The pH of wine is an important factor which determines the quality of the wine in terms of taste, color, oxidation and chemical stability.  Most wines optimally have a pH between 2.9 and 4.0 Lower pH values allow the wine to stay fresher for a longer period and retain its original color and flavor. 




From the analysis of the plot above ,we can see that, as the quality of the wine goes up, the pH stays at around 3.5. Medium quality wines seem to have a slightly higher pH compared to the fine quality wines.


Alcohol has a negative correlation with density. As the alcohol content increases, the density decreases. This is true for both red and white wine samples.

The plot below indicates that white wine does exhibit higher SO2 components as compared to Red Wine across all pH values within the sample.There seems to be higher variation for both SO2 values in both red and white wines between a pH value of 3.5 and 4.0.



Red wine has less residual sugar and less SO2 compared to white wine.








Interesting observation is as the acidity goes up, the pH comes down. Also, acidity seems to be higher for red wine sample compared to the white wine sample.

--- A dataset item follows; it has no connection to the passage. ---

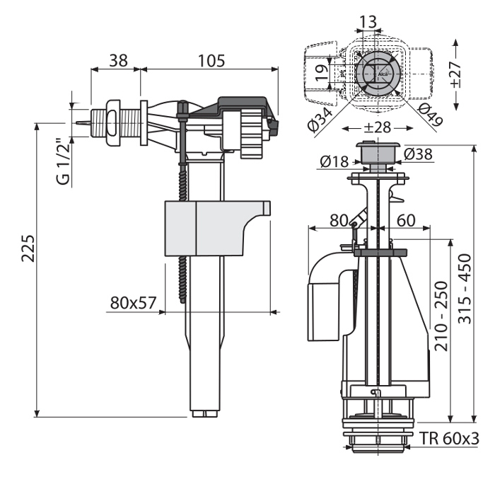 Выпускной комплект для унитазных бачков AlcaPlast SA08K 1/2.Технические особенности:

Wine makers add the extra SO2 to white wine to prevent oxidation. Red wines have natural anti-oxidant. White wines lack this anti-oxidant and wine makers add SO2 to prevent the oxidation.The analysis proves that White wine exhibits a higher level of SO2 properties compared to red wine for the same pH.


Reflection

The pH of wine is an important factor which determines the quality of the wine in terms of taste, color, oxidation and chemical stability. The general rule for pH in wine making is the higher the pH reading, the lower amount of acidity in the wine. Most wines optimally have a pH between 2.9 and 4.0, with different values based on the type of wine. Any pH above 4.0 indicates that the wine will spoil quickly and be chemically unstable. Lower pH values allow the wine to stay fresher for a longer period and retain its original color and flavor. The pH can also impact the amount of free sulfur dioxide (SO2) present. The free SO2 helps in breaking down bacteria and prevent spoiling.

For the final analysis, I chose the effect of pH on acidity,free SO2 and Quality.

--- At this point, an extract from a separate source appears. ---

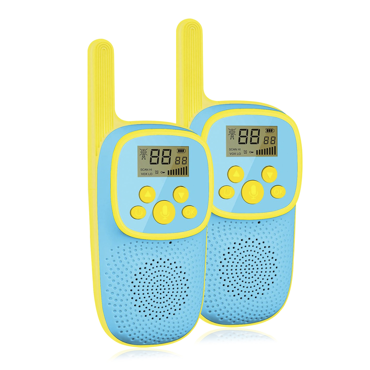 DAM Walkie Talkies infantis D21, 1-3 km, tela de 1,5 LCD, 99 códigos de grupo criptografados, luz LED. 2 unidades. Bateria recarregável. 5,5x3,5x13,5 Cm. Cor: Azul Walkie Talkies infantis D21: • Tela de 1,5 polegadas, distância de intercomunicação de 1 a 3 quilômetros. • Corpo compacto e robusto; Material durável e ecológico. Pequeno e leve, muito fácil de usar. Lanterna embutida. • Longo alcance com sinal estável; Transmissor poderoso e alta sensibilidade de recepção melhoram a estabilidade do sinal; Os pais podem monitorar a situação da criança em tempo real para evitar que ela se desvie; perfeito para atividades ao ar livre • Volume ajustável e qualidade de som nítida; Ajuda você a obter um som nítido mesmo se estiver em um local lotado. • 99 códigos de grupo criptografados, 10 toques. Qualidade de som nítida e suave para proteger os ouvidos das crianças. • Bateria de lítio recarregável incorporada. Bateria: lítio, integrada Duração em uso contínuo: até 1,5 horas Distância efetiva: 1 - 3km Canais: Europa 8 / EUA 2 / China 20 Distorção de recepção: ≤3% Sensibilidade: ≤-121dBm Amplitude de saída de áudio: ≥1,2V Corrente máxima de espera: ≤65mA Corrente mínima de desligamento: ≤80uA DC-5V/1A Não recomendado para crianças menores de 3 anos. Use sob supervisão de um adulto. Risco de asfixia: Contém peças pequenas que podem ser engolidas e causar asfixia. ABS, liga metálica.

Some of the learnings from the analysis were as follows:
  1. pH value is a key factor in determining the quality of the wines and from the analysis, we found that higher quality wines had a low pH and high fixed acidity. From the samples analyzed,the wines with lower pH had higher acidity content. The acidity went down as the pH level increased. Red wines have more acidity and lower pH compared to white wines.
  2. Wine makers add the extra SO2 to white wine to prevent oxidation.Red wines have natural anti-oxidant. White wines lack this anti-oxidant and wine makers add SO2 to prevent the oxidation.The analysis proves that White wine exhibits a higher level of SO2 properties compared to red wine for the same pH. SO2 can cause allergic reactions in some people. It is dangerous for asthmatics even at very low levels. So, now that we know that white wine has more SO2 than red, it is better to avoid white wine, if one is asthmatic.
  3. High pH values for a wine will affect its quality. Lower pH values will make the wine taste tart and crisp. Our analysis proves this factor. As the quality goes up, the pH remains at around 3.5. Medium quality wines seem to have a slightly higher pH compared to the fine quality wines. For the white wine sample with a quality value of 9, the pH remained less than 3.5
  A limitation of the current analysis is that the data consists of samples collected from a specific region in Portugal. It will be interesting to compare wines grown in other regions with the current data set and current analysis. It would be intriguing to see the effect of climate on the quality of wine.